I see your point, Mike. But an employee that goes to a grocery store upon arrival in a city for a week-long stay to pick up healthy and less expensive foods for breakfasts, etc, should be fine. A grocery run at the beginning of the week can save $50+ on restaurant breakfasts. We have employees that do this routinely and overall it saves us money.

dcwilbur said:   bigdinkel said:   OP, if there's a Whole Foods near your destinations, I would recommend them for healthy and organic meals.So much for eating on $25/day.

You can get lunch for under $8 a meal.

bigdinkel said:   You can get lunch for under $8 a meal.At Whole Foods?! Every time I go to the Whole Foods food bar (which I only do when on business travel), I try to get a reasonable amount of food. But the checkout insists that the food is $12+.

djtitati said:   Another option is that you can sign up your company card for a dining rewards program like United, Delta or Best Buy. These are all run by one parent company, so you have to pick one. Then, you can look up restaurants in the area you'll be in and find which participate. You get points for every dollar you spend (on your company card!) which eventually lead to rewards. It's a bit of work to remember to look up and find a participating restaurant while traveling, but if you're committed you can do it. These are often local restaurants that you wouldn't think of going to. This can be good and bad. Also, sometimes you can double dip and use a restaurant.com certificate and then get the points on the back end. Voila, you've just earned free beers after a hard day's work and also some airline miles.

BB has restaurant partner program attached to their rewards zone program.
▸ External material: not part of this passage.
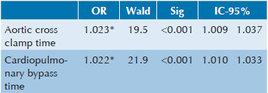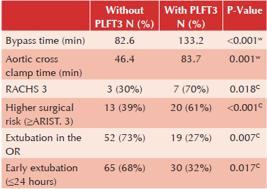 Patients with PLFT3 were could not be extubated early (considering a 24 hourperiod) as compared with patients without PLFT3 (p=0.003) (Table 2). Logistic regression model for aortic cross clamp time showed an odds ratio (OR) of 1.023, meaning that for every extra minute of aortic cross clamp, there was a 2.3% higher probability for patients to develop PLFT3.

I'd look into that if I had to eat at sit down places. The points can rack up and you would get BB certs.

BB also has several other partners you may be interested in such as
La Quinta hotels
"Get 750 Reward Zone« points for each stay at any La Quinta« Inns & Suites."

250 points get you $5 BB cert.

So with dining rewards programs like idine or the best buy one I'd have to link the company credit card with the transaction correct? Not 100% the company would be ok with linking the card to something like that but I think I'll look into it. I assume there wouldn't be any changes to the billing statement or anything?
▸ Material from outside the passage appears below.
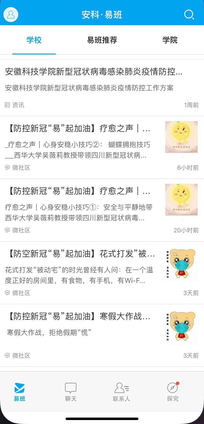 强宣传,利用易班广泛开展防控知识宣传。校易班发展中心通过易班发布学校各类信息,指导学生正确认识疫情,推送疫情症状介绍、确诊方法、治疗与预防、个人防护等相关知识,要求学生不谣言不传谣;实现学生疫情采集网上填报,辅导员网上查询;制作“防控新冠,易起加油”专题帖进行防控疫情的集中宣传和展示。目前已上线学生疫情采集应用,总访问量45886,单日最大访问人数11639。推送学校疫情防控工作安排、大学生心理疏导、在线学习资料等各类优质阅读内容近30篇,以线上专题、在线优课课群学习等形式在安科易班平台集中宣传和展示我校师生防疫抗疫精神面貌,不断加大防疫抗疫宣传力度。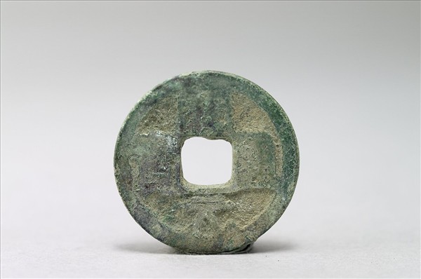 方孔圓錢,正面有楷書:「開元通寶」四字,漫漶不清,背面無文。

PrincipalMember said:   watchtower7 said:   
Panera gives quite a bit back on their program. I highly recommend it.


Can you elaborate on this one? I am signed up for their card but I hardly get anything. When companies have this program where they kind of say, "use our rewards card - we will throw you a bone when we feel like it", you know that you are probably not getting much unless you eat there everyday.

I spent the summer in Del Mar, ate oatmeal everyday for breakfast, got all kinds of free coffee/deserts/seems like soup as well. I am guessing in the 5% Cash Back area.

bigdinkel said: You can get lunch for under $8 a meal.At Whole Foods?! Every time I go to the Whole Foods food bar (which I only do when on business travel), I try to get a reasonable amount of food. But the checkout insists that the food is $12+.

My whole foods in louisville has chicken and 2 sides for $8 or salmon and 2 sides for $10. When I used to eat a gigantic breakfast there (granola, yogurt, fresh fruit, coffee and a smoothie) it was $15, I feel your pain.

jacksodw said:   So with dining rewards programs like idine or the best buy one I'd have to link the company credit card with the transaction correct? Not 100% the company would be ok with linking the card to something like that but I think I'll look into it. I assume there wouldn't be any changes to the billing statement or anything?

The company would have no idea. Completely third party. All communications will goto your whatever contact info you provide.